§ **What is needed**
In the records below, find the line containing "40 Inch Number" and the line containing "O eixo flutuante"; please repeat exactly the lines from one to the other, both included, and nothing more.

*** The data Section Begins ***

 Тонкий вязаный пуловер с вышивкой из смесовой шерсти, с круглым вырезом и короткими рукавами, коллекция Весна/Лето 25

*** The data Section Ends ***
*** The data Section Begins ***

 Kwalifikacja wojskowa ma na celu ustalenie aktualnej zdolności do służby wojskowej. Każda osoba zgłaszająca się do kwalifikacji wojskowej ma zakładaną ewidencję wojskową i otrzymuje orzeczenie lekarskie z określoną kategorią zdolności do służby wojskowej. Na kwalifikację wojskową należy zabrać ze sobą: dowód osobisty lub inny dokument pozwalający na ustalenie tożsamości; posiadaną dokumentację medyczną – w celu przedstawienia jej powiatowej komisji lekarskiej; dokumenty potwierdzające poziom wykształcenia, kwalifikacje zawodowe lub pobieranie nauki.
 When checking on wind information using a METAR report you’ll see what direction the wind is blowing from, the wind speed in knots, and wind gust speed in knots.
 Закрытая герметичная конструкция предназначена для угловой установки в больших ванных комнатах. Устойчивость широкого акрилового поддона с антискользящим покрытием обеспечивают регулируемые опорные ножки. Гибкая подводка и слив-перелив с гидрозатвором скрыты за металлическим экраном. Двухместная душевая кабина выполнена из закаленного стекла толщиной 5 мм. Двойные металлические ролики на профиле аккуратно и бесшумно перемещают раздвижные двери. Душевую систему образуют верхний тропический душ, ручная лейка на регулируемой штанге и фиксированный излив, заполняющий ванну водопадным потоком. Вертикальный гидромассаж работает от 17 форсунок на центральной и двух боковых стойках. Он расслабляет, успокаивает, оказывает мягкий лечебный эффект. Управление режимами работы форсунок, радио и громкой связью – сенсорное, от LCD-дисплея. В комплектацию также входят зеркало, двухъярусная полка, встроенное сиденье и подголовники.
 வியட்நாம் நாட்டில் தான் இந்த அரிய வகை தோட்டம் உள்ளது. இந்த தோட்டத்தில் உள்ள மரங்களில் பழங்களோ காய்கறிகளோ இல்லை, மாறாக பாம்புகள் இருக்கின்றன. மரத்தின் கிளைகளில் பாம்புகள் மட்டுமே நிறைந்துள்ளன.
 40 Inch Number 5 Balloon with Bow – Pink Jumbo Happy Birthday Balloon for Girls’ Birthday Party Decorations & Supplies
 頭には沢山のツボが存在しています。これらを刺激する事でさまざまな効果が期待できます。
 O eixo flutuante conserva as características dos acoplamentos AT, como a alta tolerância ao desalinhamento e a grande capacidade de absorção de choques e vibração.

*** The data Section Ends ***

§ **Answer to the exercise**
 40 Inch Number 5 Balloon with Bow – Pink Jumbo Happy Birthday Balloon for Girls’ Birthday Party Decorations & Supplies
 頭には沢山のツボが存在しています。これらを刺激する事でさまざまな効果が期待できます。
 O eixo flutuante conserva as características dos acoplamentos AT, como a alta tolerância ao desalinhamento e a grande capacidade de absorção de choques e vibração.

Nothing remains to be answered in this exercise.